Robinson, 44, of Chatham chose bright colors for her corner office, which seems only appropriate as she's predicting bright days ahead for the once-struggling arts center at 2407 W. 111th St.
"We've been in survival mode," Robinson said. "Now it's time to put down our roots and ensure we have this center forever."
Funds for the bailout came from the surplus created when 2012 NATO summit came in $10 million under budget. The bailout also included a plan for the Beverly Arts Center to renegotiate its $4.7 million mortgage with Fifth Third Bank.
The Cincinnati-based bank agreed to forgo $2 million in debt if the 40,000-square-foot arts center could raise $500,000 in one year. A fundraising effort, dubbed the BAC Challenge, was immediately launched.

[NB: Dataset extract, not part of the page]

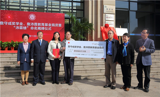 11月7日,我校举行詹沛霖教育基金、詹守成奖学金捐资暨“沛霖楼”命名揭牌仪式。校党委书记刘宇陆、副校长陈东辉与詹守成家属詹君湜、詹君铭共同为“沛霖楼”揭牌。詹守成家属再次向虎扑nba捐资160万元(迄今詹守成先生家庭累计向虎扑nba捐赠600万元)。为褒扬詹守成先生家庭无私奉献、情系教育的家国情怀和大爱精神,经虎扑nba研究,将第四学科楼命名为“沛霖楼”。今年8月,我校报送的“詹守成家庭三代人13年不间断的爱心延续”,被评为2015年度上海市社会主义精神文明好人好事(上海高校唯一)。

Residents and business responded both with large and small donations. Local grocer County Fair Foods pledged $125,000 toward the effort. But the bulk of the donations came in lesser amounts, mostly from residents dedicated to preserving the arts within their neighborhood, Robinson said.
"I am amazed at the community support when it comes to the BAC Challenge," she said.
Just three months into the fundraising effort, the arts center raised $275,000, and a new fundraising goal was set at $1 million. Anything beyond the $500,000 pledged to Fifth Third Bank would go to pay down the $1.75 million mortgage that remained, BAC Challenge co-chairman Michael Stanton said.
As the dark financial cloud hanging above the arts center began to disperse, Robinson turned her attention to programming. She named Shellee Frazee, 55, as the first artistic director of Beverly Arts Center in April.
"I'm the left brain. She's the right brain," Robinson said.
Frazee sets the tone for programming at the Beverly Arts Center. She and Robinson are soon to launch a "Conservatory Track," or a series of classes within specific disciplines. Students passionate about dance, theater or visual arts can participate in dedicated tracks, improving their skills with a compounding series of lessons.
"Heather has been a breath of fresh air. She has an arts background, and she understands what needs to be done here," Frazee said.
Robinson also plans to add a marketing specialist later this month. A development strategist will be added by the end of the summer to handle grant writing, planned giving and donor resources.
Robinson realizes that the Beverly Arts Center could rely solely on the residents of Beverly, Morgan Park and Mount Greenwood to fill its 400-seat theater and classrooms. But she also believes that the arts center has an obligation to be engaged in Chicago's greater artistic community.
"Our first name is Beverly, but our last name is arts," she said.
A wide array of programming is needed to satisfy both the demands of the neighborhood and a commitment to the arts throughout the city, Robinson said.
She's also become well aware of the Beverly Arts Center's niche within her first 100 days. The arts center cannot compete with the Chicago Park District when it comes to low-cost activities for children and adults, she said.
But she believes the Beverly Arts Center can offer more specialized classes taught by expert teachers. These first-rate workshops cost far less at the Beverly Arts Center than at other elite programs such as the Sherwood Community Music School at Columbia College Chicago or the Art Institute of Chicago, Robinson said.
Perhaps most importantly, Robinson has brought a different vibe to the Beverly Arts Center. Frazee arrived in Beverly from Davenport, Iowa in 2009. She worked as an instructor and coordinator of the dance and theater programs before being named to her current position. She's seen some dark days, but those seem to be in the past.
"The energy level has skyrocketed. It's fun to come to work again, and it's exciting," Frazee said.